# Crysis Astonishes with 1080p Resolution Support on PS3



## Ares (Nov 23, 2009)

*Crysis Astonishes with 1080p Resolution Support on PS3*








A few years back many thought that it’d be impossible for _Crysis_ to ever be playable on a current-generation console, let alone in 1080p. It appears that the PS3 will have the last laugh as Franziska Lehnert, PR Manager at Crytek, has revealed the unexpected during an interview with NowGamer: _Crysis_ PS3 will support both 720p and 1080p.

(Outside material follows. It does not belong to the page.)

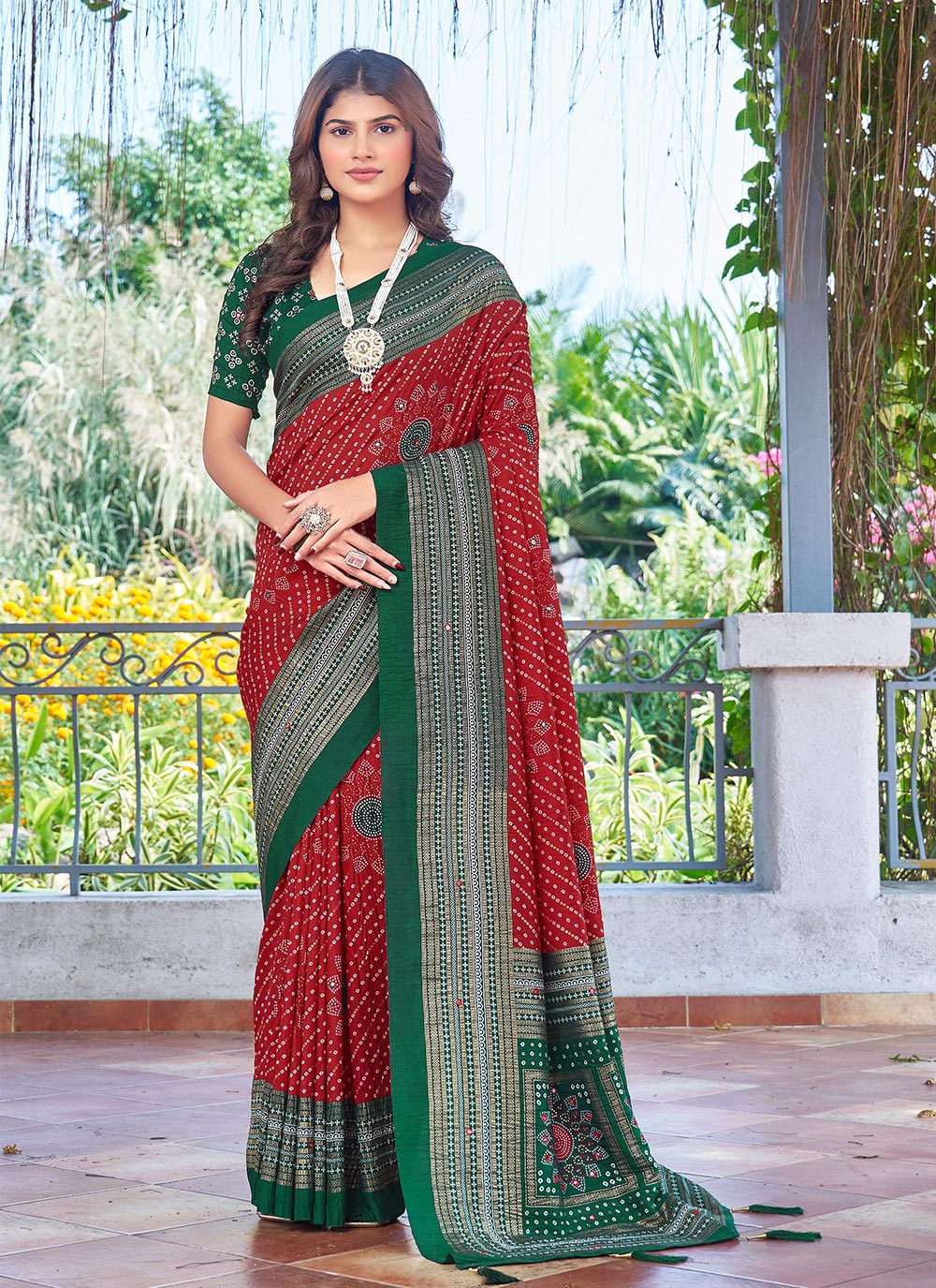 Looking These Traditinol Party Wear Saree in Fine Colored.These Saree Velvet Tussar Silk And Blouse is Fabricated On Velvet Tussar Silk Pair.Its Beautified With Woven Pallu Border Designer With Bandhani Printed.

Preliminary screenshots have been nothing short of impressive, and if no major technical issues are present, this download-only version of the title could end up being one of the best-looking titles in the entire PS3 library. It’s rare to see a game with 1080p support due to how taxing it is on hardware, let alone a game of _Crysis_‘ stature. Don’t let its age affect your expectation level either, as its high texture detail, advanced visual technique, and beautiful environment have made it a benchmark of choice for gaming PCs for nearly four years.
_
Crysis_ is scheduled to arrive on the PlayStation Store during next week’s update on October 4th.

Source: PSLS


----------



## Moonfly (Aug 1, 2008)

I wander if it will be 1080 native though, or upscaled. Honestly, if crysis can be done in 1080 native, then there is no excuse for other titles not doing so. You can even argue on the games age, because the PS3 hardware is just as old as the game now. Still, even upscaled it will pretty slick.


----------